Cryer Me a River Two and a Half Men, a.k.a. My Two Dads and a Full House: Hotshot bachelor Charlie Sheen takes in sad, divorced brother Jon Cryer and his 10-year-old son. They all learn to love each other. Don't get us wrong, we love Duckie as much as anybody, but this has early cancellation written all over it. CBS Mondays at 9:30 (starts Sept. 22).

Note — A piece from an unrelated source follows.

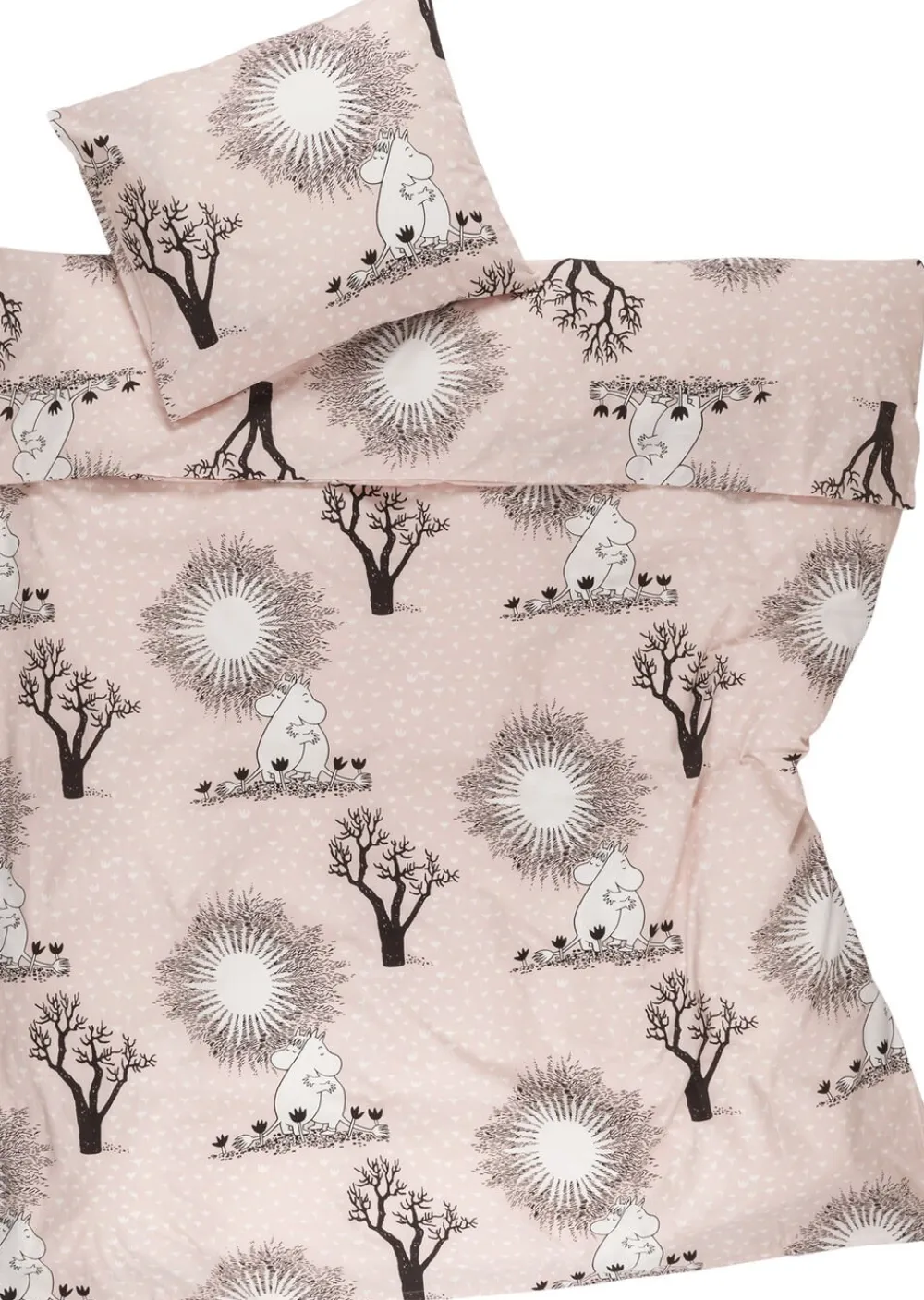 Fald i søvn omgivet af kærlighed. De to kærester, Snorkmaiden og Moomintroll, krammer hinanden tæt efter endnu et af deres spændende eventyr. Den elskede illustration stammer fra Tove og Lars Janssons tegneserier og er nu også tilgængelig som et sengesæt. Moomin Arabia Single sæt 140×200 Love

If All Else Fails … Waiting in the wings are two shows that are sure to be critically acclaimed but popularly ignored, in the fine tradition of My So-Called Life and Once and Again. Why so fatalistic? Because one sounds quirky and thought-provoking, the other will probably be subtly acted and depressing as hell. Wonderfalls concerns a weird teenage girl who works in a Niagara Falls souvenir shop and to whom inanimate toy animals and cartoon characters talk (the creators themselves have called it Touched by a Crazy Person). Still Life, starring David Keith and Susanna Thompson, is narrated by the eldest son of the Morgan family, killed in the line of duty, as he looks in on his family's life a year after his death. Stock up the tissues now, as much for the plot lines as for when it's ripped heartlessly from your TV set much too soon. FOX, dates and times TBA (midseason replacements).